When things start to get hard in a semester, or when i am stressed in general, I tend to get to points that i call “burnouts.” Right now i feel like i am on the brink of one of those. The world around me starts to annoy me in every little sense of the word. Things that normally wouldnt bother me bother me extremely. I want to lash out at what ever is wrong in my life. At the same time, i am running out of energy to do so.
When this time comes i usually need a bit of time to recharge my batteries so i can go on and face the world again. I often dont get that chance to recharge. The demands of University work are always there. It never stops. So i skuttle along with so little energy that i end up beginning to sleep in much longer than i intend. Homework assignments slip by, i resort to some stimming to try to keep myself sane. Then there comes the point where i cant stim.

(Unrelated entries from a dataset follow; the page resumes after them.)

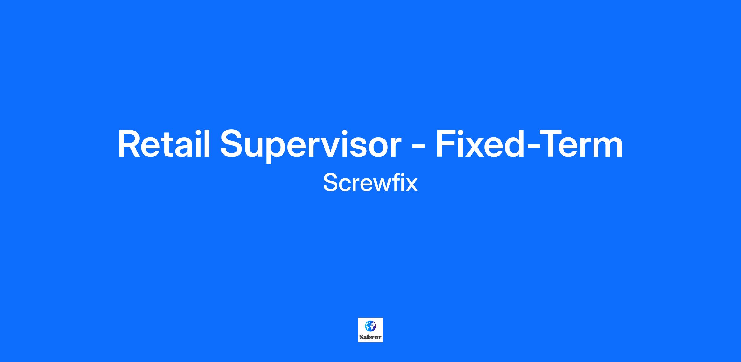 Overview You’ll be a vital part of the team, getting stuck in and leading by example. Whether you’re front-of-house helping customers or in the warehouse keeping our standards high, customers are always at the front of your mind. And with the help of our excellent training programmes and varied shift patterns to support a healthy work life balance, you’ll be on the right track for a promising career with us! This is a fixed-term opportunity for 3 months Opening hours: Monday - Friday (7am to 8pm) Saturday (7am to 6pm) Sunday (9am to 4pm) Responsibilities WHAT’S IT LIKE TO BE A RETAIL SUPERVISOR? Host – you’ll be the team leader, hosting in store, setting an example of what great looks like. You’ll understand what your customers need, guide them to the right products, and make it super easy for them Store standards – you’ll make sure everything runs smoothly from cash reconciliations, to customer queries, audit compliancy and stock management. Part of the team – you’ll join a team who take pride in their store, working together and having lots of fun along the way! Qualifications YOU ARE… An experienced supervisor or duty manager who is used to managing a small team in a fast-paced environment Great at giving amazing customer service, and able to translate that into sales Inquisitive, ever-questioning and ever-improving Passionate about our business Friendly, flexible, reliable, honest and like to work hard! WHAT’S IN IT FOR YOU? Joining Screwfix means joining a growing team – full of support, opportunities, and fun! We offer a competitive salary 28 days annual leave (including an allowance for Bank Holidays). Increasing with length of service, up to a maximum of 33 days annual leave. Award-winning company pension scheme - up to 14% Kingfisher contribution! Life cover 20% discount with Screwfix and B&Q Discounted healthcare Company share save schemes We’ll also help you be the best you can be, with excellent training and ongoing development. To find out more about us, please email careers@screwfix.com for any queries Follow us and find out more on our LinkedIn, Instagram & Twitter pages Apply now! – Upload your CV and complete your application *Our hourly rates may include a location allowance which is reviewed annually and may change. Our policy is to employ the best qualified people and provide equal opportunity for the advancement of employees including promotion and training and not to discriminate against any person because of gender, race, ethnicity, age, sexual orientation, religion, belief or disability. If you require any additional support or adjustments to help you make an application, please contact us at careers@screwfix.com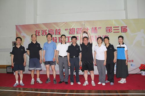 第三届在苏高校教职工乒乓球比赛于5月21日在苏州工业职业技术学院体育馆举行,我校教职工乒乓球代表队喜夺三连冠。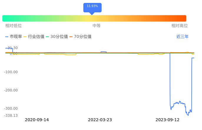 中信证券当前市现率为-23.49,在所属的证券中,市现率排23,前5名分别为、申万宏源市现率1.82、兴业证券市现率2.69、东北证券市现率3.43、广发证券市现率3.88、国泰君安市现率4.69。中信证券当前市现率为-23.49,超过近3年11.93%的历史数据。

There gets to be a point i can’t take it anymore and i completly shut down. I could do so much better in school if i had to not deal with constant burnouts. Its hard for teachers to understand when i get to this point, so most the time i hang on by a thread that is rapidly unwinding itsself. I’m just waiting for the snap.
Being a university student with any disability is hard. Autism is another thing all together. Combined with aspects from my other posts like the fact i struggle to understand my own emotions, understand everyone elses and feel them at an amplified degree, visits to different doctors for different things (which i have not touched upon yet.) All leads to a very draining school experience.
“But (Insert Name Here), why do you do it if all it does it just wear you out and make you miserable?”
I need something i can use to further my life, how ever “limited,” you may think it be.
I do this because i have to. If there was an easier way, i would go for it. This is what i live with as a university student with various disabilities, Autism being one of them.
Somehow i am often resiliant, i do make it through semesters and i do so with decent grades. Idk how i do it. Idk how i keep going despite seeming to run on very little if not nothing.
That’s just a glimpse of when things get out of control for me.